[Start of Attachment]

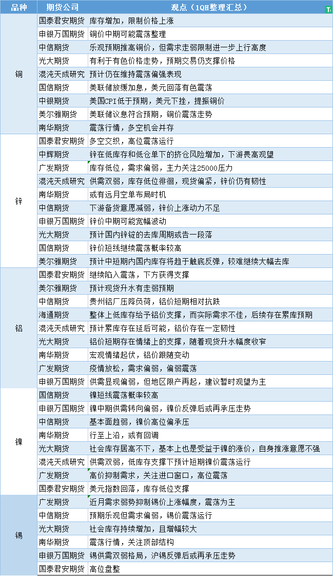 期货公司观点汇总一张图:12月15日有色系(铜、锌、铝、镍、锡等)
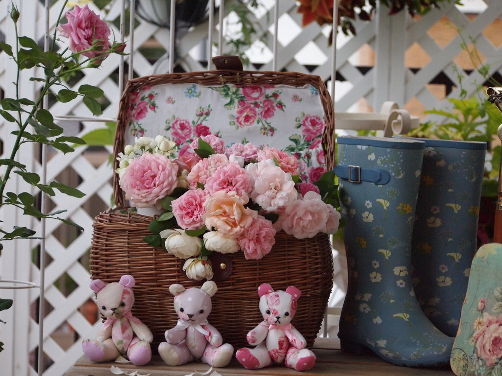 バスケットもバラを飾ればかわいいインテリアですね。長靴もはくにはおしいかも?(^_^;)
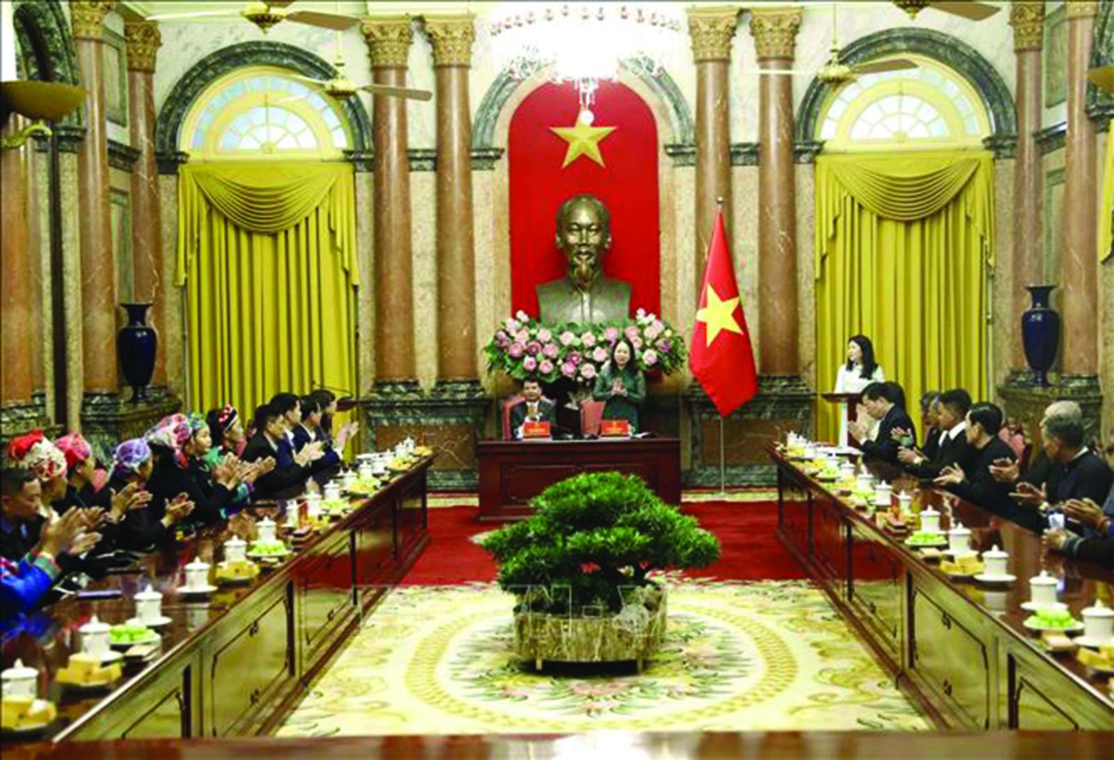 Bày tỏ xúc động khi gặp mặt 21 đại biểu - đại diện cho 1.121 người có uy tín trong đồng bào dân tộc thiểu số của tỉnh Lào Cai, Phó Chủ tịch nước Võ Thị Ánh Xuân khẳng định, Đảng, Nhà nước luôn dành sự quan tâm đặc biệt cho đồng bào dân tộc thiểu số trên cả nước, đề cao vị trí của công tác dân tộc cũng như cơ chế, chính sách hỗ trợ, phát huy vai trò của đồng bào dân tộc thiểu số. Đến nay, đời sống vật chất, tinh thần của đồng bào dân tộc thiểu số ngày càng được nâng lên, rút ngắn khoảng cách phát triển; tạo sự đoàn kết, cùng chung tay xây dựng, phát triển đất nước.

[End of Attachment]

--- YOUR TASK ---
Line for line, retype the material exactly, omitting any pictures.

--- TASK RESPONSE ---
 期货公司观点汇总一张图:12月15日有色系(铜、锌、铝、镍、锡等)
 バスケットもバラを飾ればかわいいインテリアですね。長靴もはくにはおしいかも?(^_^;)
 Bày tỏ xúc động khi gặp mặt 21 đại biểu - đại diện cho 1.121 người có uy tín trong đồng bào dân tộc thiểu số của tỉnh Lào Cai, Phó Chủ tịch nước Võ Thị Ánh Xuân khẳng định, Đảng, Nhà nước luôn dành sự quan tâm đặc biệt cho đồng bào dân tộc thiểu số trên cả nước, đề cao vị trí của công tác dân tộc cũng như cơ chế, chính sách hỗ trợ, phát huy vai trò của đồng bào dân tộc thiểu số. Đến nay, đời sống vật chất, tinh thần của đồng bào dân tộc thiểu số ngày càng được nâng lên, rút ngắn khoảng cách phát triển; tạo sự đoàn kết, cùng chung tay xây dựng, phát triển đất nước.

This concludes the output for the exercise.